*Exercise data*
------------

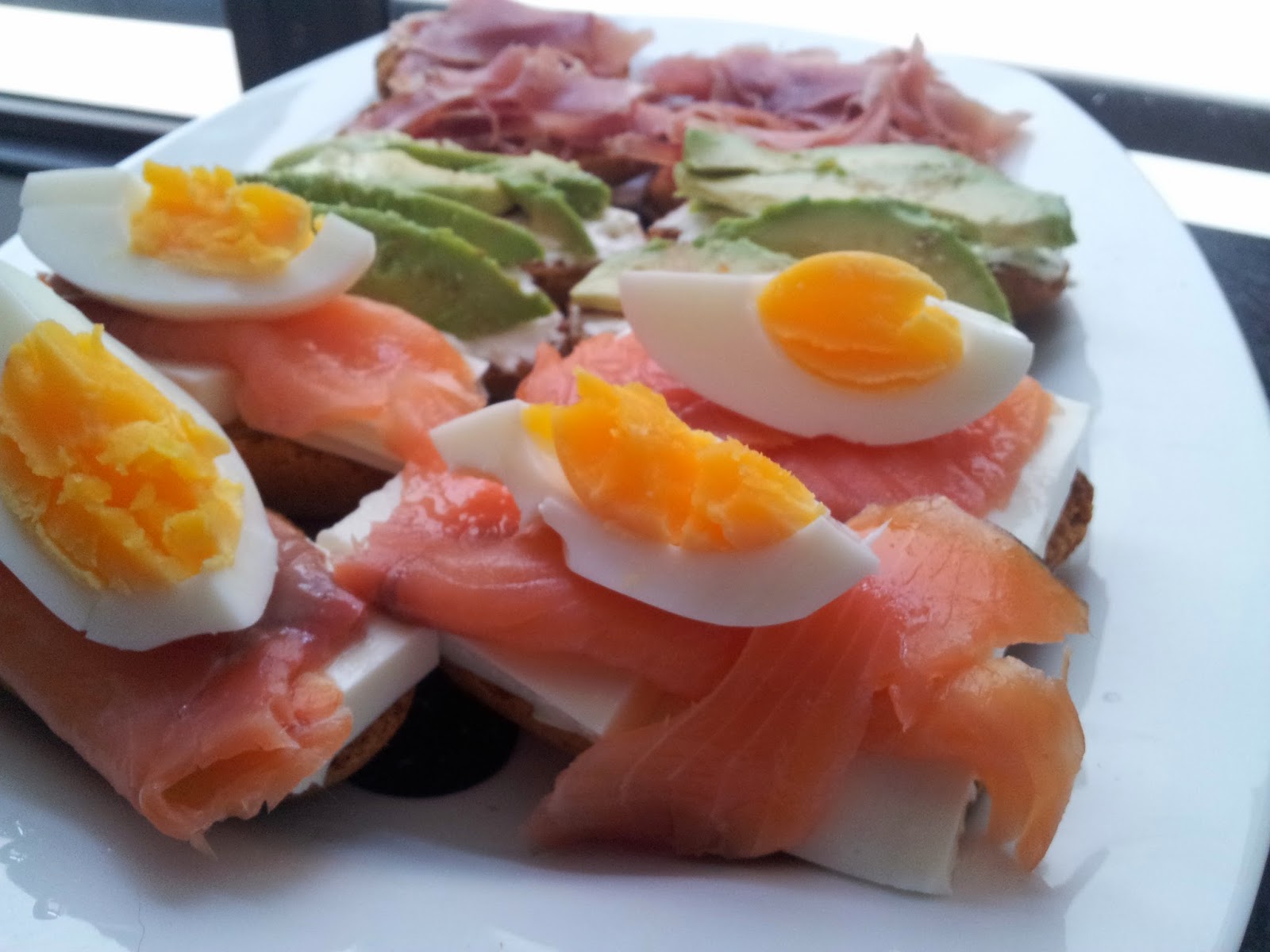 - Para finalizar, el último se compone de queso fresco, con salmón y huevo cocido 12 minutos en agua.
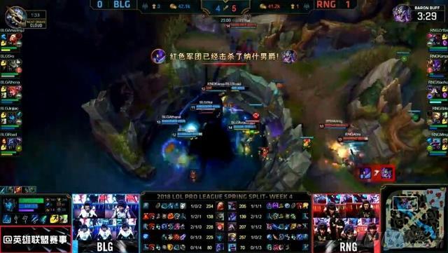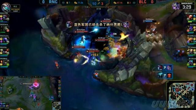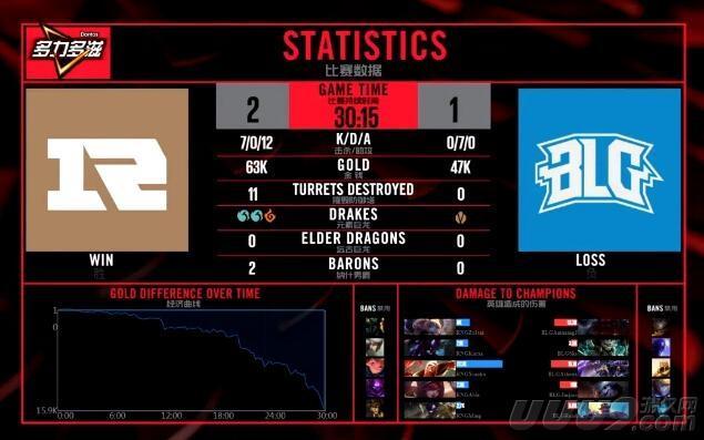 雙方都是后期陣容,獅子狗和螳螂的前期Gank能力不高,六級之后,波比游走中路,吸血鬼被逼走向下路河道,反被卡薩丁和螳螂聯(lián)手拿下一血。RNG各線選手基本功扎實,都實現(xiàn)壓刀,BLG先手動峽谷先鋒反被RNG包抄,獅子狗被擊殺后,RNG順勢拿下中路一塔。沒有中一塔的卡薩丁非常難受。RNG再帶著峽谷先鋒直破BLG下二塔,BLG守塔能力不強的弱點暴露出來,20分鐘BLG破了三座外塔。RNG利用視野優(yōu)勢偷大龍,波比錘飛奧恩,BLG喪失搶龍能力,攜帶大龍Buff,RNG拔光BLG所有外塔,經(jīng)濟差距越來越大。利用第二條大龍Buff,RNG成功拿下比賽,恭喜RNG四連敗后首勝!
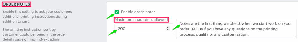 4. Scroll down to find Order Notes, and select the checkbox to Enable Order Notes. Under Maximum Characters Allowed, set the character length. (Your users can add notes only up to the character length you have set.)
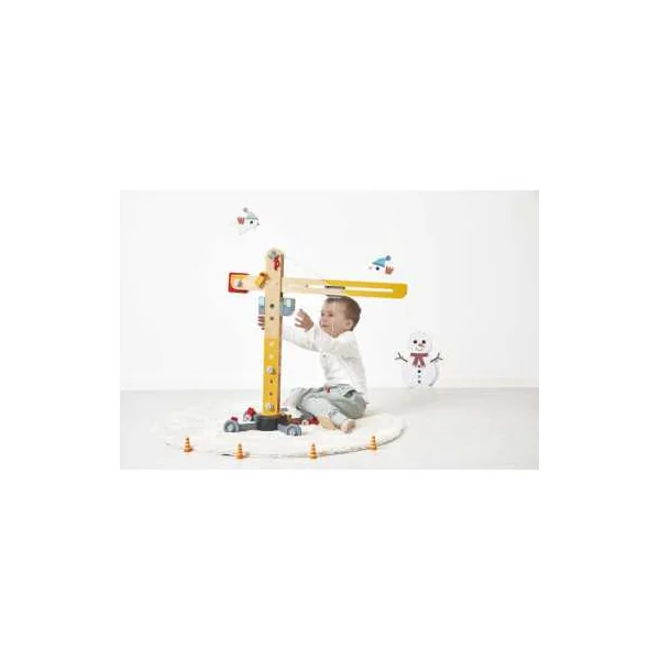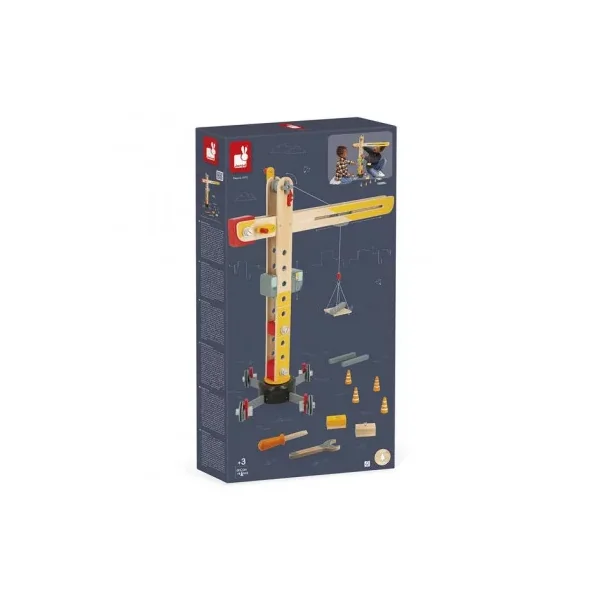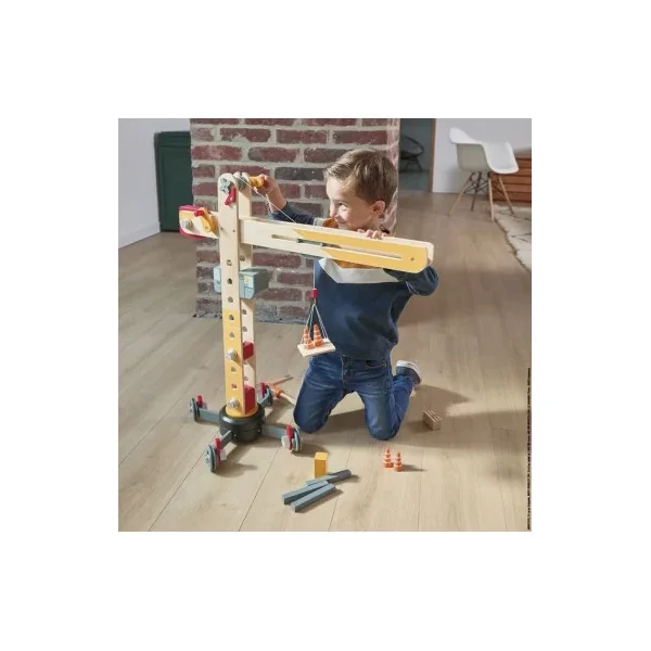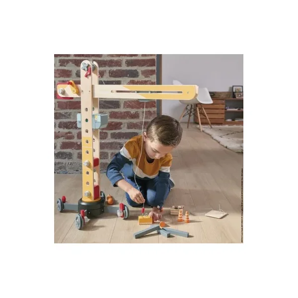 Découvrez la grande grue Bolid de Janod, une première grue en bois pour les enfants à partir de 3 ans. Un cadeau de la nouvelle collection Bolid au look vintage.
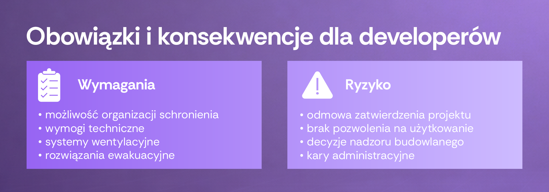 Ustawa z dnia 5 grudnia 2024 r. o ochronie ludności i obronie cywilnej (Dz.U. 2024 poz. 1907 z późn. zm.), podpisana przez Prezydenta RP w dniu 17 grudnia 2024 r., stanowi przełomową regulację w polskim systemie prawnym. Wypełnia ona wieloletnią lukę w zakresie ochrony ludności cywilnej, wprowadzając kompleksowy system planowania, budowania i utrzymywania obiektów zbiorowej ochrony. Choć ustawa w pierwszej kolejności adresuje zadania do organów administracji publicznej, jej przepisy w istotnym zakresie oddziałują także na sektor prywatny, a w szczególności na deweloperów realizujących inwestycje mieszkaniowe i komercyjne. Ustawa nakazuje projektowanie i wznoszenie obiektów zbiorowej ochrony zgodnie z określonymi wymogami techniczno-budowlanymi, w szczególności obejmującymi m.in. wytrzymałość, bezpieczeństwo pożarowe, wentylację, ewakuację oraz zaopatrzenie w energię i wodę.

------------

*What you should do*
Give the entries again exactly, but skip every image.

*Solution for this exercise*
 - Para finalizar, el último se compone de queso fresco, con salmón y huevo cocido 12 minutos en agua.
 雙方都是后期陣容,獅子狗和螳螂的前期Gank能力不高,六級之后,波比游走中路,吸血鬼被逼走向下路河道,反被卡薩丁和螳螂聯(lián)手拿下一血。RNG各線選手基本功扎實,都實現(xiàn)壓刀,BLG先手動峽谷先鋒反被RNG包抄,獅子狗被擊殺后,RNG順勢拿下中路一塔。沒有中一塔的卡薩丁非常難受。RNG再帶著峽谷先鋒直破BLG下二塔,BLG守塔能力不強的弱點暴露出來,20分鐘BLG破了三座外塔。RNG利用視野優(yōu)勢偷大龍,波比錘飛奧恩,BLG喪失搶龍能力,攜帶大龍Buff,RNG拔光BLG所有外塔,經(jīng)濟差距越來越大。利用第二條大龍Buff,RNG成功拿下比賽,恭喜RNG四連敗后首勝!
 4. Scroll down to find Order Notes, and select the checkbox to Enable Order Notes. Under Maximum Characters Allowed, set the character length. (Your users can add notes only up to the character length you have set.)
 Découvrez la grande grue Bolid de Janod, une première grue en bois pour les enfants à partir de 3 ans. Un cadeau de la nouvelle collection Bolid au look vintage.
 Ustawa z dnia 5 grudnia 2024 r. o ochronie ludności i obronie cywilnej (Dz.U. 2024 poz. 1907 z późn. zm.), podpisana przez Prezydenta RP w dniu 17 grudnia 2024 r., stanowi przełomową regulację w polskim systemie prawnym. Wypełnia ona wieloletnią lukę w zakresie ochrony ludności cywilnej, wprowadzając kompleksowy system planowania, budowania i utrzymywania obiektów zbiorowej ochrony. Choć ustawa w pierwszej kolejności adresuje zadania do organów administracji publicznej, jej przepisy w istotnym zakresie oddziałują także na sektor prywatny, a w szczególności na deweloperów realizujących inwestycje mieszkaniowe i komercyjne. Ustawa nakazuje projektowanie i wznoszenie obiektów zbiorowej ochrony zgodnie z określonymi wymogami techniczno-budowlanymi, w szczególności obejmującymi m.in. wytrzymałość, bezpieczeństwo pożarowe, wentylację, ewakuację oraz zaopatrzenie w energię i wodę.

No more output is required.